Sejumlah warga pergi meninggalkan tempat tinggal mereka dengan membawa barang bawaan masing-masing menyusul serangan geng bersenjata ke salah satu wilayah di Port-au-Prince, Haiti, pada 19 November 2024. (Foto: Reuters/Ralph Tedy Erol)

J5NEWSROOM.COM, Kepala badan urusan anak-anak Perserikatan Bangsa-Bangsa (UNICEF) menyatakan pada hari Senin (2/12) bahwa sekitar separuh dari seluruh anggota geng bersenjata di Haiti adalah anak-anak. Ia mendesak perlindungan yang lebih baik bagi mereka.

Direktur Eksekutif UNICEF, Catherine Russell, dalam sebuah pertemuan PBB tentang situasi anak-anak di Haiti, mengatakan, “Kami memperkirakan bahwa hingga 50% anggota kelompok bersenjata adalah anak-anak, sementara jumlah total anak-anak yang direkrut oleh geng-geng bersenjata telah melonjak hingga 70% selama setahun terakhir.” Ia menjelaskan bahwa anak-anak digunakan sebagai informan, juru masak, budak seks, dan dipaksa melakukan kekerasan.

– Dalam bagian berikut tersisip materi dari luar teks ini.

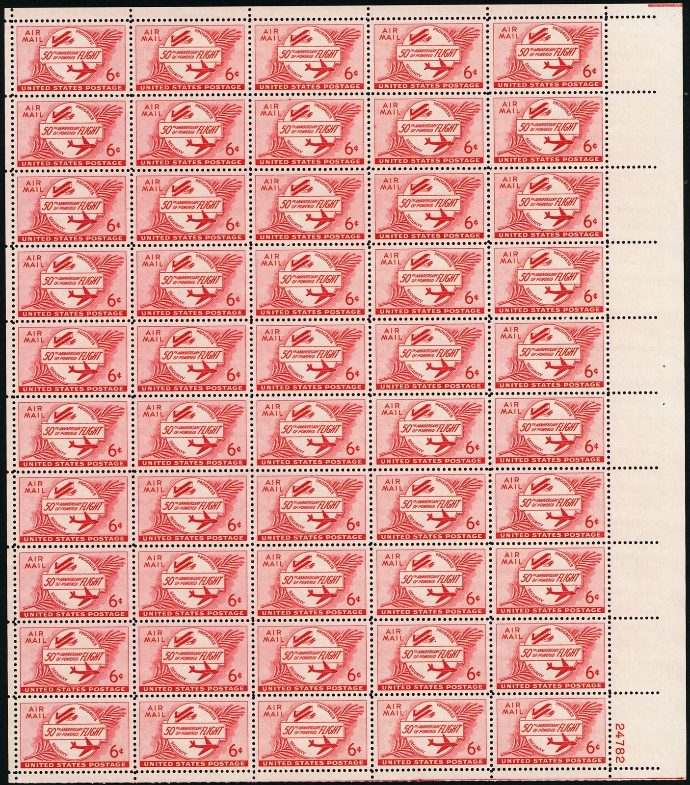 50th Anniversary of Powered Flight Full Sheet of Fifty 6 Cent Airmail Scott C47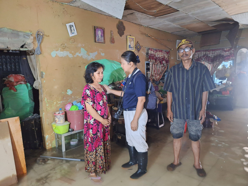 Relawan dengan penuh kehangatan mendengarkan keluh kesah Ibu Hafvah, salah satu warga yang rumahnya terendam banjir.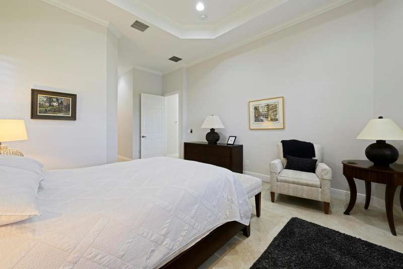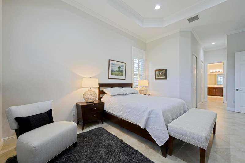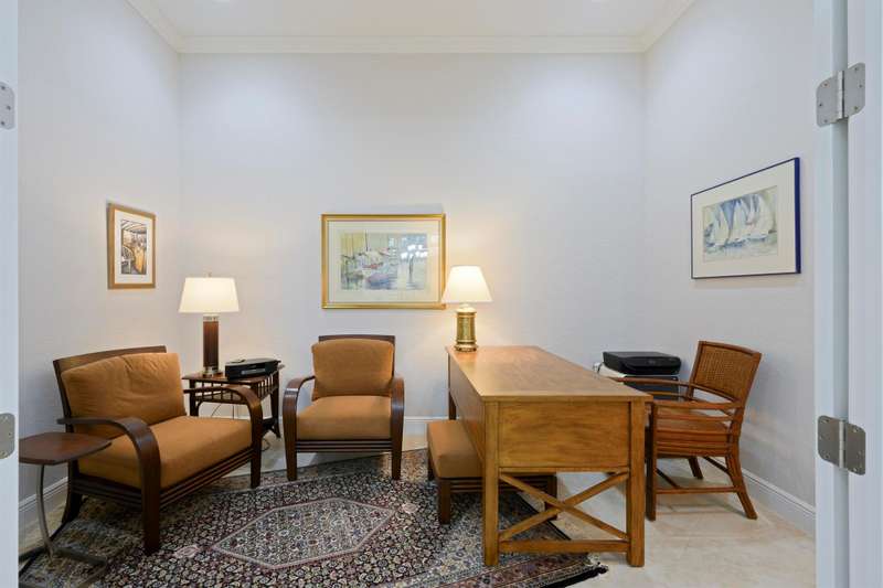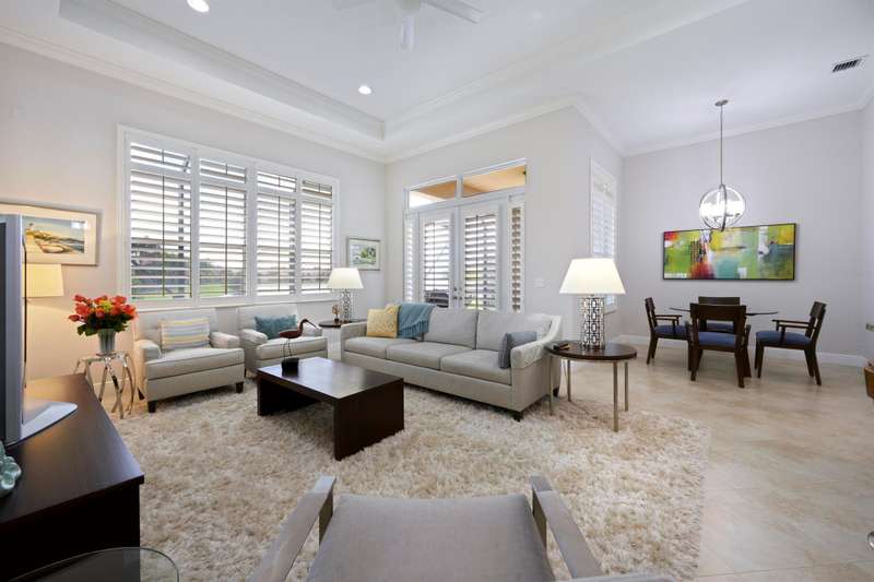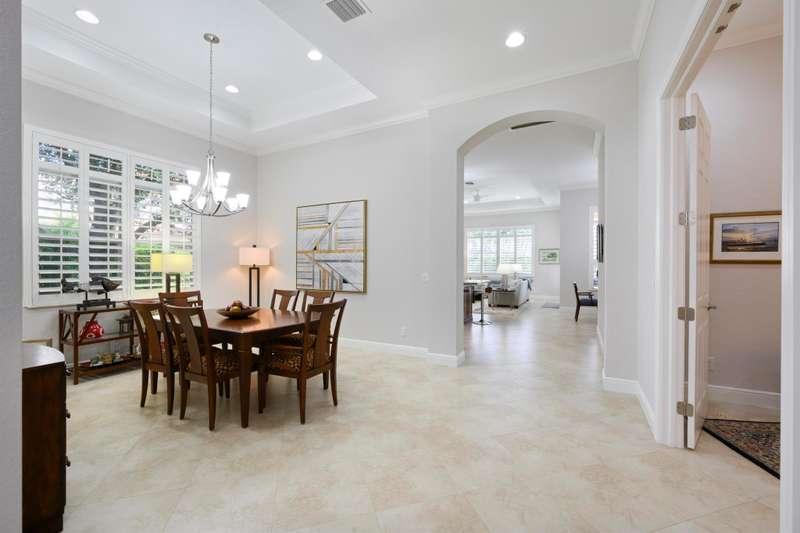 Welcome to Paloma, one of Palm Beach Gardens' most sought-after gated communities. This beautifully maintained single-family residence offers 3 bedrooms, 2.5 baths, a versatile den, and a 2-car garage, all thoughtfully designed with a split floor plan for comfort and privacy. Step inside the grand foyer, accented by chandelier lighting, crown molding, and custom baseboards, and you'll immediately notice the timeless details throughout -- including plantation shutters, recessed lighting, and tile flooring in every room. The formal dining room features elegant lighting and seamlessly connects to the double-door den, perfect for a home office or library.

Russell juga menyatakan bahwa geng-geng tersebut secara teratur membunuh dan melukai anak-anak, serta mencatatkan lonjakan kekerasan seksual terhadap anak-anak yang dilaporkan meningkat 1.000% tahun ini.

Haiti telah dilanda ketidakstabilan sejak pembunuhan Presiden Jovenel Moise pada 2021, dengan geng-geng bersenjata menguasai hingga 85% wilayah ibu kota Port-au-Prince dan memperluas kekuasaannya ke daerah-daerah lain. Kekerasan ini telah memicu krisis kemanusiaan parah, mengakibatkan lebih dari 700.000 orang mengungsi, sekitar setengahnya adalah anak-anak. Sekitar 5,4 juta orang di Haiti kini menghadapi kelaparan akut, dengan program Pangan Dunia (WFP) menyebutkan bahwa kondisi tersebut sangat buruk di tempat penampungan pengungsi di Port-au-Prince. Anak-anak sangat rentan, dengan sekitar 125.000 di antaranya diperkirakan mengalami kekurangan gizi akut.

Pada Juni, misi dukungan keamanan multinasional (MSS) dimulai dengan pengerahan sekitar 400 polisi dari Kenya, yang juga memimpin misi tersebut, sementara Jamaika dan Belize turut mengirim polisi untuk membantu Kepolisian Nasional Haiti. Namun, misi ini menghadapi penundaan, kekurangan dana, dan peralatan, dan meskipun MSS hadir, kekerasan baru-baru ini justru meningkat.

Perubahan dalam misi ini akan memakan waktu berbulan-bulan dan memerlukan otorisasi dari 15 negara anggota Dewan Keamanan PBB. Amerika Serikat dan Ekuador sedang merancang resolusi Dewan Keamanan yang akan meminta Sekretaris Jenderal PBB, Antonio Guterres, untuk mempertimbangkan persiapan operasi penjagaan perdamaian.

Duta Besar AS, Linda Thomas-Greenfield, mengatakan bahwa negosiasi terus berlangsung, meskipun beberapa anggota dewan tidak setuju dengan rencana tersebut. “Tetapi inilah yang diminta oleh rakyat Haiti,” tambahnya.